People say sometimes, "You work in the fastest-moving industry in the world." I don't feel that way. I think I work in one of the slowest. It seems to take forever to get anything done.
I was at Reed [College] for only a few months. My parents intended for me to stay there for all four years but I decided that college wasn't right for me. I had no idea what I wanted to do I didn't see how college was going to help me.
In order to learn how to do something well, you have to fail sometimes. In order to fail, there has to be a measurement system. And that's the problem with most philanthropy - there's no measurement system. You give somebody some money to do something and most of the time you can really never measure whether you failed or succeeded in your judgment of that person or his ideas or their implementation.

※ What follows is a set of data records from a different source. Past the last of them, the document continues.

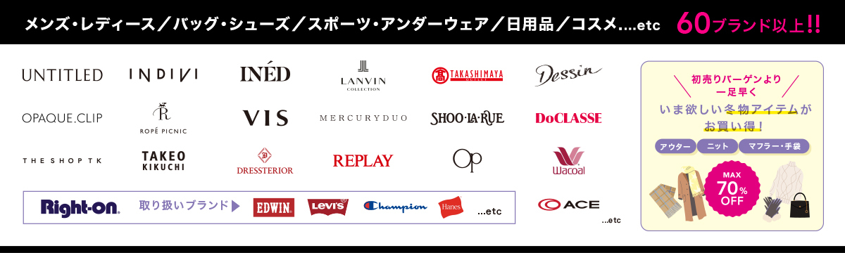 総勢60ブランド以上が出店。業界を代表するアパレル各社のレディース・メンズアイテムと、鞄、靴、革小物、スポーツ・アンダーウェア、日用品、コスメなど最大70%OFF♪冬のバーゲンセールより一足早く、今すぐ使える冬物アイテムを驚きのスペシャルプライスでご用意します♪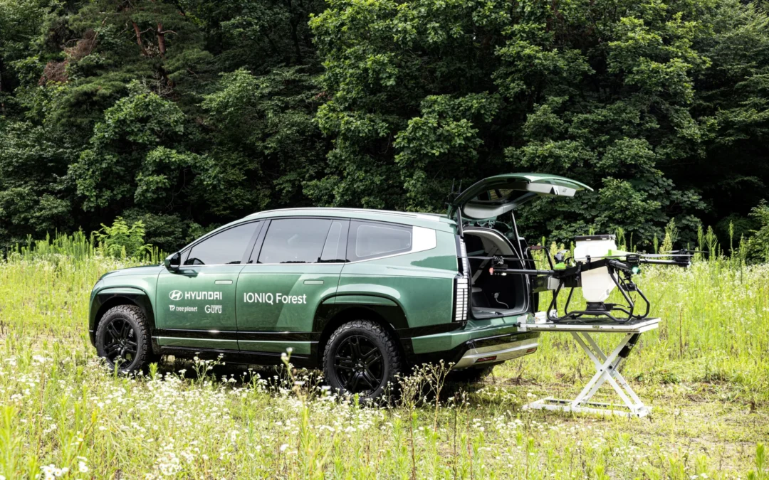 La recién desarrollada estación de drones de bolas de semillas IONIQ 9 es un vehículo especialmente diseñado, basado en el SUV eléctrico insignia de Hyundai Motor, el IONIQ 9, y desarrollado en colaboración con Guru E&T, una startup especializada en soluciones y tecnologías de reforestación. Está equipado para facilitar la siembra, monitoreo y restauración de zonas forestales degradadas.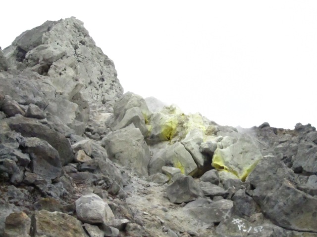 北アルプス唯一の活火山です。頂上までの道のりでは硫黄の匂いが漂っておりました。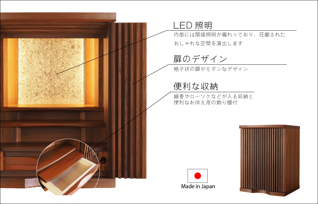 徳島からは仏壇製作技術を活かした高性能でデザイン性の高いモダン仏壇をお届けします。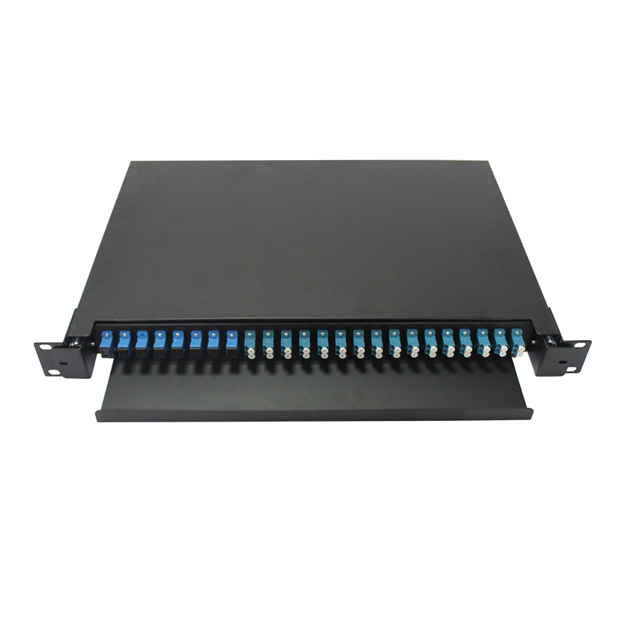 24 ports LC SM Dx Sliding Fiber patch panel with 16 pcs of LC SM Dx Adapter , with 8 pcs of SC Sx blank adapter , with 2x12 colored LC SM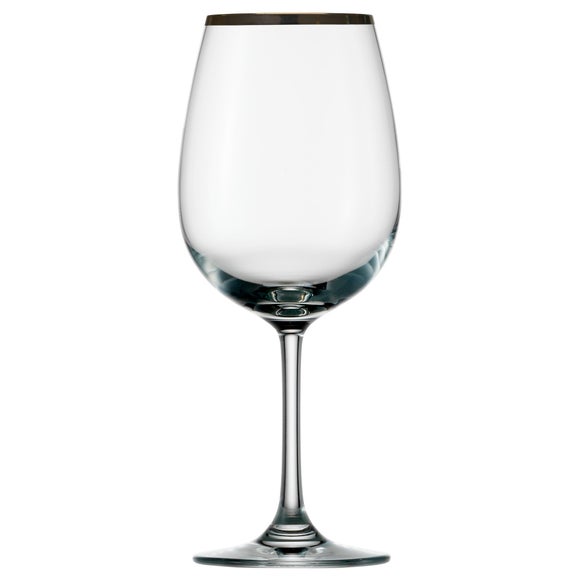 Available to purchase online today, our silver rimmed wine glasses are perfect to use for any occasion & will bring some class to your home. Add a touch of sophistication to your parties with our silver glasses Stylishly designed to savour the delicious taste of your favourite wine, our sleek wine glasses feature a silver rim design, enhancing the elegance of your kitchen. Our silver wine glasses are perfect to use for dinner parties, romantic meals with your partner or to simply relax in the evening after a long day at work. To ensure our stylish wine glasses are kept in the same fantastic condition as the day you bought it, simply hand wash them in warm soapy water. Please note: This product is subject to stock availability. Ask Dunelm a question Brand Dunelm Care instructions Hand wash in warm soapy water Colours available One colour available in Silver Material Glass Pack size One pack of four wine glasses Sizes available One size available in H 21cm (8") ...

I think the Macintosh was created by a group of people who felt that ah there wasn't a strict vision between sort of science and art.
Probably death is the best invention of life.
The Macintosh was supposed to be the computer for people that just wanted to use a computer without having to learn how to use one.
The biggest effect of the personal computer revolution has been to allow millions and millions of people to experience computers themselves decades before they ever would have in the old paradigm.
Ad campaigns are necessary for competition. But good PR educates people; that's all it is.
A computer is the most incredible tool we've ever seen. It can be a writing tool, a communications center, a supercalculator, a planner, a filer and an artistic instrument all in one, just by being given new instructions, or software, to work from. There are no other tools that have the power and versatility of a computer.
Stealing music is not right, and I can understand people being very upset about their intellectual property being stolen.
The iPod is not a new category. Music is not new. It's not a speculative market. It's a very, very large market. It's been around for thousands of years and will be around as long as humans exist.
Apple is the only company in the world that has all of that under one roof. We can invent a complete a solution that works - and take responsibility for it.
One of the failures of technology companies is that they build technologies thinking everything else will work out.
There will always be music on the Internet that people can steal. What's new is not theft. What's new is a distribution channel for stolen property called the Internet. So there will always be illegal music on the Internet.
Our approach is to think of companies not as businesses but as collections of people. We [Apple]want to qualitatively change the way people work. We don't just want to help them do word processing faster or add numbers faster. We want to change the way they can communicate with one another. We're seeing less paper flying around and more quality of communication.
One of my beliefs very strongly is that any democracy depends on a free, healthy press.
We're not a media company. We don't own media. We don't own music. We don't own films or television. We're not a media company. We're just Apple.
Stealing things is everybody's problem. We [Apple Inc.] own a lot of intellectual property, and we don't like when people steal it. So people are stealing stuff and we're optimists. We believe that 80 percent of the people stealing stuff don't want to be; there's just no legal alternative.
If you tell people they can't burn CDs of their music, as almost every current legal music service has done, or they can only burn one CD with a track or pay per track per burn extra, nobody is going to go for it.
People equated burning CDs with theft. That's not what burning CDs is. Theft is about acquiring the music from the Internet.
I'd say we [Apple Inc.] are the most creative of the technology companies and definitely the most artist-friendly. Almost everyone in the music business uses a Mac and everyone has an iPod.
It's understandable that the music companies that are comprised of people that are successful by making good creative decisions - they have to decide which out of fifty artists is the next hot one, with no data to go from. It's an intuitive process, and that's what they do well when they're successful. They don't understand technology.
The creative industries tend to dismiss technology as just something to buy and not understand how hard it is and how creative it can be as well.
The technology companies don't understand creative things at all. Silicon Valley's view of the creative process in Hollywood is a bunch of guys in their young thirties sitting on a couch, drinking beer, and thinking up jokes.
Music companies are not technology companies any more than technology companies are music companies. They're really different from each other.